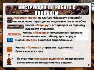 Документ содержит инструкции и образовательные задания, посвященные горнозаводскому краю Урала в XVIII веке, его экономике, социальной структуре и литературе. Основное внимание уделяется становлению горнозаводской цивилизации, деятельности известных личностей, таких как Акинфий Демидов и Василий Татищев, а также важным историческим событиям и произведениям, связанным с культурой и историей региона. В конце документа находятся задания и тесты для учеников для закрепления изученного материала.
==
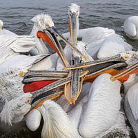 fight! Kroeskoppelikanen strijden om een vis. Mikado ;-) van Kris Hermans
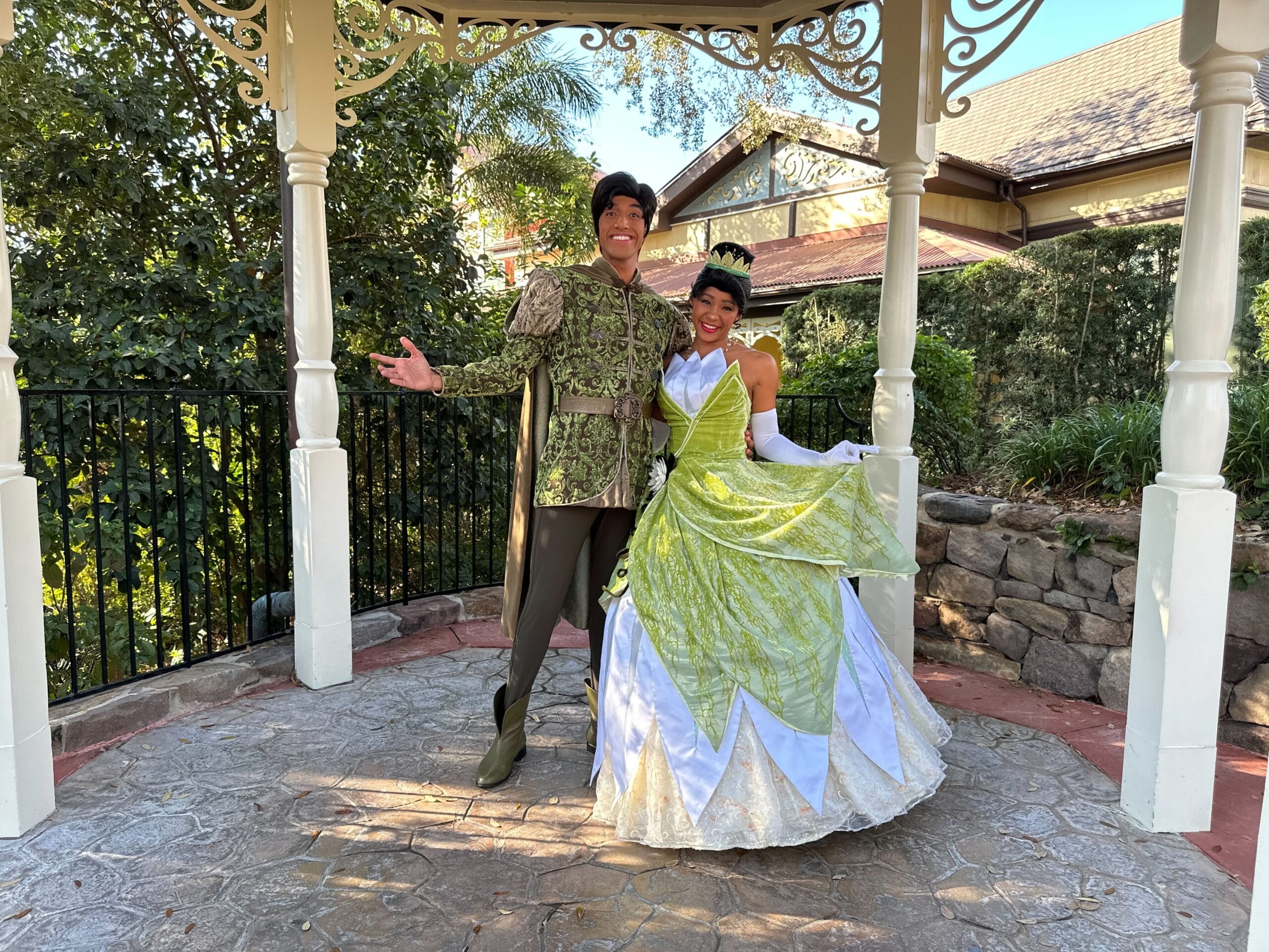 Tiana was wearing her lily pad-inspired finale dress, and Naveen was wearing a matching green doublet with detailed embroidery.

Task to complete: The answer is the lines above from the one with "fight! Kroeskoppelikanen strijden" to the one with "Tiana was wearing", set down exactly, with no pictures.

Answer section:
 fight! Kroeskoppelikanen strijden om een vis. Mikado ;-) van Kris Hermans
 Tiana was wearing her lily pad-inspired finale dress, and Naveen was wearing a matching green doublet with detailed embroidery.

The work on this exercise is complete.